Pues bien, si comprendemos y aceptamos la existencia de nuestra herida también
aceptaremos el liberarnos de la culpa que genera nuestro defecto particular.
La experiencia nos enseña que para protegernos, hemos construido defensas que los
autores espirituales llaman los afectos o apetitos desordenados. Si queremos algunos
ejemplos con respecto a los apetitos desordenados, evocaremos la tendencia a ser
puntilloso, perfeccionista en nuestras tareas, en los quehaceres domésticos (claro que, el
culto del desorden ha de evitarse), el juzgar desfavorablemente a los otros, resaltar sus
defectos, hablar siempre de uno mismo, acaparar el tema de conversación, encerrarse en
uno mismo después de una llamada de atención o algún reproche, todo ello es la
manifestación de una herida. En efecto, pensamos que somos malos, o al menos no
demasiado buenos...
Sin embargo, debemos sobrevivir e ir más allá de esta visión tan negativa. Por ello,
desarrollamos en nosotros ciertas cualidades tratando de llevarlas al extremo. Y es que nos
vemos obligados a presentarnos a nosotros mismos con determinadas cualidades y por esta
razón ponemos todo nuestro empeño en la perfección de la imagen o apariencia, de nuestro
trabajo, etc. (aunque jamás será este empeño suficiente para darnos algún valor), cayendo
en la minucia o el escrúpulo y en la angustia de no estar a la altura de no sé qué –que, por
otro lado, no sabremos jamás- o más bien en la angustia de ser lo que somos pero sin
querer reconocerlo, y es por ello que siempre creemos estar angustiados a causa de otra
cosa...
Si se nos reprocha este defecto de exageración o cualquier otra imperfección,
entonces montamos en cólera porque ese reproche pone en peligro la pobre visión de
nuestra persona que viene a confortar nuestra mala impresión primera. Perdemos pie. Es
por eso que la cólera viene “en nuestro auxilio” como diciendo: “¡No me toques!” Este
movimiento irascible, extremadamente rápido, no es en sí mismo un pecado, pues es un
primo primi, es decir el primerísimo movimiento sin consentimiento de la voluntad. Sin
embargo, a menudo defendemos nuestra actitud, nuestra reacción, y entonces pecamos en
el segundo movimiento. Podríamos habernos detenido precisamente en el primer
movimiento y el hecho hubiera tenido muy pocas o ninguna consecuencia... pero...

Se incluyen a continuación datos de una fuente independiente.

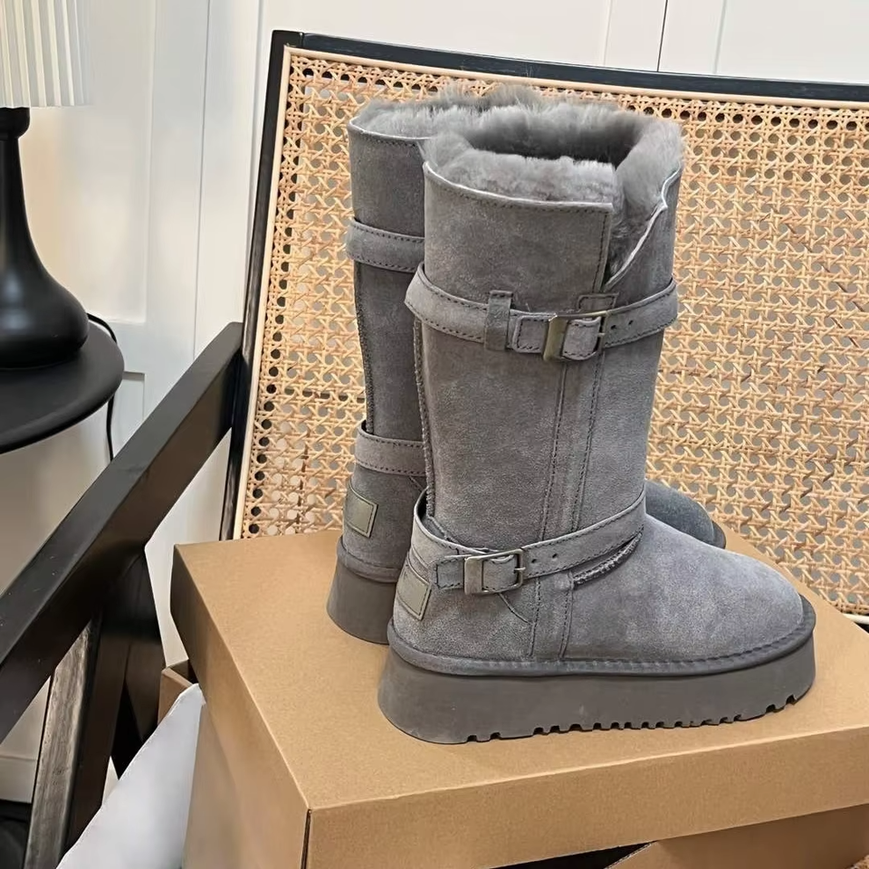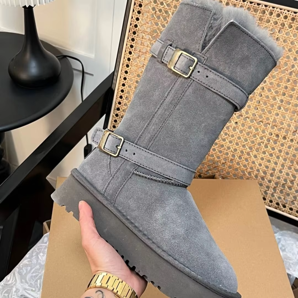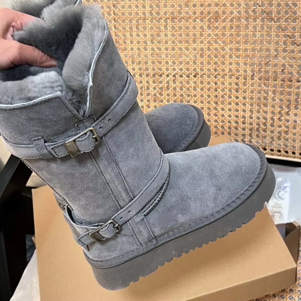 รองเท้าบูท Uggs แบรนด์ใหม่ ปี 2026 หนังแท้ ระบายอากาศได้ดี อุ่นสบาย บุขน แฟชั่น รองเท้าบูททรงหนาสำหรับฤดูหนาว รองเท้าบูทหิมะสำหรับผู้หญิง ฤดูใบไม้ร่วง

He aquí lo que podría llamarse afecto desordenado de insatisfacción de ser lo que
soy. Yo sueño con ser otra cosa. A este afecto lo mantengo y como resultado de ello me
obstino en defenderlo, lo cual me debilita, ya que me produce la sensación de estar
agobiado, de verme despreciado por los demás. Mientras más me dejo ganar por este
sentimiento, más me hiero a mí mismo. No son los demás quienes me hieren puesto que a
menudo no hay ningún fundamento para esa sensación de desprecio. Puede ocurrir que yo
haya estado presionado por los acontecimientos o por efecto de la miseria humana, pero no
es necesario inferir sistemáticamente que lo acontecido se deba a un menosprecio formal
por parte de terceras personas.
La valoración de los demás me perjudica porque a partir de ella inmediatamente
deduzco que no soy amado, o que no valgo nada. Como resultado de ello, comienzo a
envidiarlos y mis juicios se vuelven injustos. Me complazco en realzar los defectos de los
demás para demostrarme a mí mismo que ellos no valen más que yo y por consiguiente,
que tengo derecho al afecto de los otros, o si se quiere, que los demás no tienen derecho a
más afecto que yo. Si tengo necesidad de ser reconocido, valorado, estimado tanto como
los demás, y esto legítimamente, debo considerarlo bien merecido. Ello debe resultar de una
actitud sincera de mi parte. Ahora bien, es siendo lo que soy, ni más ni menos, que seré
apreciado y reconocido. Entonces, en lugar de encerrarme en mí mismo, me preocuparé por
olvidarme de mí mismo. Porque es olvidándome de mí que perderé la mala costumbre de
juzgar a los otros y de querer ser perfecto en todo lo que hago (lo cual, por otra parte, me
paraliza por el miedo de no hacer todo bien, y por consiguiente, perder el afecto o la
consideración de los que amo).
Para tratar de detener este círculo vicioso, el remedio es la indulgencia y la dulzura
hacia uno mismo y hacia los otros. Lo que yo valgo no depende del juicio de los demás: yo
valgo lo que valgo, y ya está, y esto solamente a los ojos de Dios, el único que me conoce
tal como soy. Aunque se aparten las montañas?y vacilen las colinas, mi amor no se apartará
de ti, mi alianza de paz no vacilará, dice el Señor, que se compadeció de ti (Is 54, 10). Si yo
me contento con la mirada del Buen Dios dando lo mejor de mí en su amor, entonces, poseo
la paz interior.
Si nos ofrecieran un billete de 500 dolares, ¿lo aceptaríamos? Pero si antes de
dárnoslo, lo doblaran en dos, ¿lo aceptaríamos de todos modos? y si estuviera doblado en
ocho, ¿lo tomaríamos? Y si este billete estuviera arrugado o pisoteado, ¿lo recibiríamos
aún? Sí, ¿por qué? Porque el billete conserva siempre su valor. Así sucede también con
nosotros. No son las críticas de los otros o sus alabanzas las que nos volverán mejores, ni
son sus condenas o sus injurias, su mala actitud hacia nosotros las que nos harán perder
nuestro valor; tampoco son nuestras miserias las que disminuyen nuestra valía. Dios no
tiene en cuenta la apariencia ni la estatura. Dios no mira como mira el hombre; porque el
hombre ve las apariencias, pero Dios ve el corazón (1 Sam 16, 7). Nosotros tenemos
nuestro valor ni más ni menos, y además sabemos que tenemos un precio a los ojos del
Buen Dios. Cada uno tiene una relación personal, irreemplazable, un lazo absolutamente
único, privilegiado con el Señor. Tú eres de gran precio a mis ojos, dice el Señor. Tú eres mi
Hijo muy querido... (Mc 1, 11) porque es menester que todos sepan que yo te amo (Ap 3, 9).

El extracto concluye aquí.